FURNITURE & MOVING DRIVERS V. CROWLEY, 467 U. S. 526 (1984)Subscribe to Cases that cite 467 U. S. 526
U.S. Supreme Court
Furniture & Moving Drivers v. Crowley, 467 U.S. 526 (1984)
Local No. 82, Furniture & Piano Moving, Furniture Store
Drivers, Helpers, Warehousemen & Packers v. Crowley
Argued January 9, 1984
Decided June 12, 1984
467 U.S. 526
Title I of the Labor-Management Reporting and Disclosure Act of 1959 (LMRDA) provides a "Bill of Rights" for labor union members, including various protections for members involved in union elections. Section 102 provides that any person whose Title I rights have been violated may bring an action in federal district court "for such relief (including injunctions) as may be appropriate." Title IV of the Act provides an elaborate post-election procedure aimed at protecting union democracy through free and democratic elections. Section 402 provides that, if the Secretary of Labor (Secretary), upon complaint by a union member, finds probable cause to believe that a violation of Title IV election proceedings has occurred, he shall bring an action against the union in federal district court to set aside the election and to order a new election under the supervision of the Secretary. Section 403 provides that the remedy prescribed by Title IV for challenging an election already conducted shall be exclusive. Petitioner union, in preparation for an election scheduled for the last two months of 1980, held a meeting to nominate candidates for its executive board. Admission to the meeting was restricted to those union members who could produce a computerized receipt showing that their union dues had been paid. One of the respondents was among those members who were prohibited from entering the meeting for not possessing such a receipt. There was also a disagreement at the meeting as to the office for which another respondent had been nominated. These respondents and other respondent union members then filed a protest with the union, but it was denied. Election ballots were thereafter distributed with instructions that they be returned by mail so as to arrive in a designated post office box by 9 a.m. on December 13, 1980, at which time they were to be counted.
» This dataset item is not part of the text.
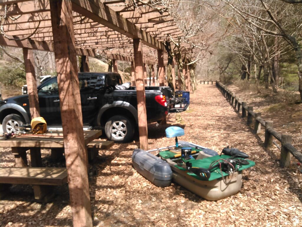 自作ロッドホルダー付いてるので釣り用でもある
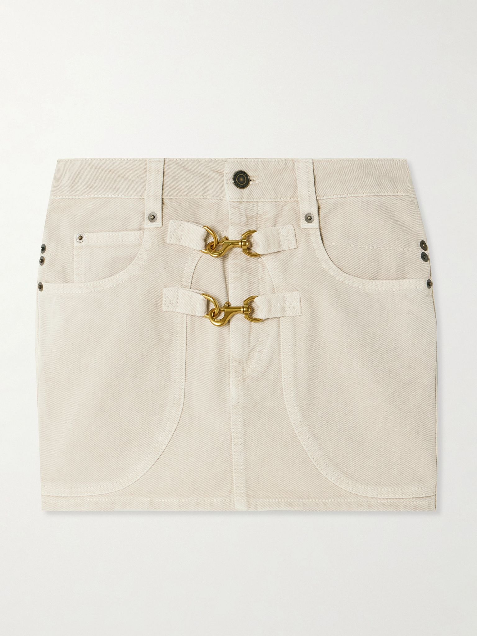 Isabel Marant's ‘Paulina’ mini skirt is embellished with gold-tone lobster clasp fastenings across the front, giving it a cool, utilitarian feel. It's made from ecru denim and has a classic five-pocket construction. Size & Fit - Fits true to size, take your normal size - Those with curvy hips may wish to take the next size up - Mini-length, designed to be worn just below the natural waist - Particularly short in length - Mid-weight, non-stretchy denim - Model is 175cm/ 5'9" and is wearing a FR 36 Model measurements: - Bust: 80cm/ 31.5" - Waist: 65cm/ 25.5" - Hip: 89cm/ 35" Details & Care - Ecru denim - Lobster clasp, button and concealed zip fastening at front - 80% cotton, 20% hemp; pocket lining: 100% cotton - Machine wash

On December 1, 1980, after the ballots had been distributed, respondents filed an action in Federal District Court, alleging that the union and petitioner union officers had violated Title I, and seeking a preliminary injunction. On December 12, the court issued a temporary restraining order halting the election. This was followed by several months of negotiations between the parties and hearings before the court. Ultimately, holding that Title I remedies chanroblesvirtualawlibrary
were not foreclosed when Title I violations occurred during the course of an election and rejecting petitioners' argument that respondents' exclusive remedy was to file a complaint with the Secretary under Title IV, the court issued a preliminary injunction and an order declaring the interrupted election invalid, setting forth detailed procedures to be followed during a new election, and appointing outside arbitrators to supervise implementation of the procedures. The Court of Appeals affirmed.
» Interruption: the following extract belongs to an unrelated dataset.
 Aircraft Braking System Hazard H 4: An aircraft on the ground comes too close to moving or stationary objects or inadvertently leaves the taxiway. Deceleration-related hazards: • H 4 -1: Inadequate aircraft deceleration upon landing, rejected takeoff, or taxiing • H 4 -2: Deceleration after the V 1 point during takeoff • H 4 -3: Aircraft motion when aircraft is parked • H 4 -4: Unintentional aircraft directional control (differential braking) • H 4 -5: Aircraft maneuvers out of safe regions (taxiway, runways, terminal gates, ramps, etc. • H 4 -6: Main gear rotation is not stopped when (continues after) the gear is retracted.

Held: The District Court overstepped the bounds of "appropriate" relief under Title I when it enjoined an ongoing union election and ordered that a new election be held pursuant to procedures imposed by the court. Pp. 467 U. S. 535-551.
(a) While § 102, standing by itself, suggests that individual union members may properly maintain a Title I suit whenever rights guaranteed by that Title have been violated, that section explicitly limits relief that may be ordered by a district court to that which is "appropriate" to any given situation. Moreover, while Title IV protects many of the same rights as does Title I, § 402 of Title IV sets up an exclusive method for protecting Title IV rights, and under this method, individuals are not permitted to block or delay union elections by filing suits for violation of Title IV. Pp. 467 U. S. 536-540.
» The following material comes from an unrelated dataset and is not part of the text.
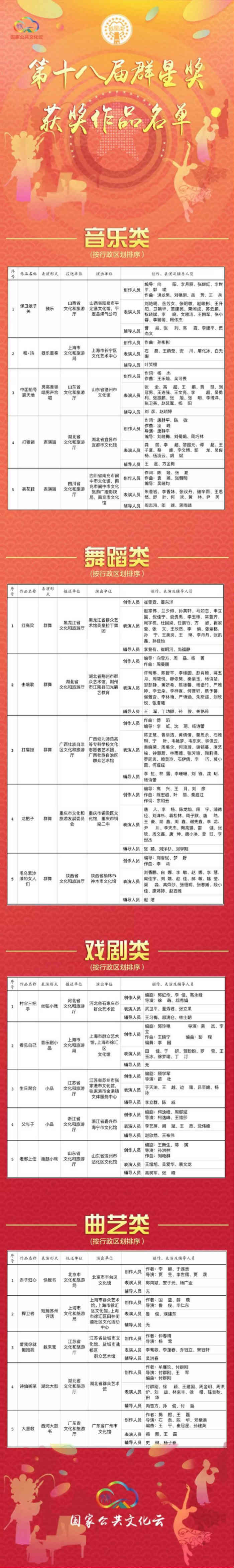 昨晚,第十二届中国艺术节第十八届群星奖颁奖晚会在上海东方艺术中心歌剧厅举行,本届群星奖的20个获奖作品揭晓。文化和旅游部副部长张旭、上海市副市长宗明出席晚会并颁奖。

(b) Whether suits alleging violations of Title I may properly be maintained during the course of a union election depends upon the appropriateness of the remedy required to eliminate the claimed violations. In the absence of legislative history suggesting that Congress intended to require or allow courts to preempt the Secretary's expertise and supervise their own elections, and given the clear congressional preference expressed in Title IV for supervision of new elections by the Secretary, the conclusion is compelled that Congress did not consider court supervision of union elections to be an "appropriate" remedy for a Title I suit filed during the course of an election. Thus, if the remedy sought is invalidation of an election already being conducted and court supervision of a new election, union members must utilize the remedies provided by Title IV. For less intrusive remedies sought during an election, however, a district court retains authority to order appropriate relief under Title I. Pp. 467 U. S. 540-550.
(c) The District Court's order here directly interfered with the Secretary's exclusive responsibilities for supervising new elections, and was inconsistent with the basic objectives of the LMRDA enforcement scheme. Pp. 467 U. S. 550-551.
679 F.2d 978, reversed and remanded.
BRENNAN, J., delivered the opinion of the Court, in which BURGER, C.J.,and WHITE, MARSHALL, BLACKMUN, POWELL, REHNQUIST, and chanroblesvirtualawlibrary
O'CONNOR, JJ., joined. STEVENS, J., filed a dissenting opinion, post, p. 467 U. S. 552.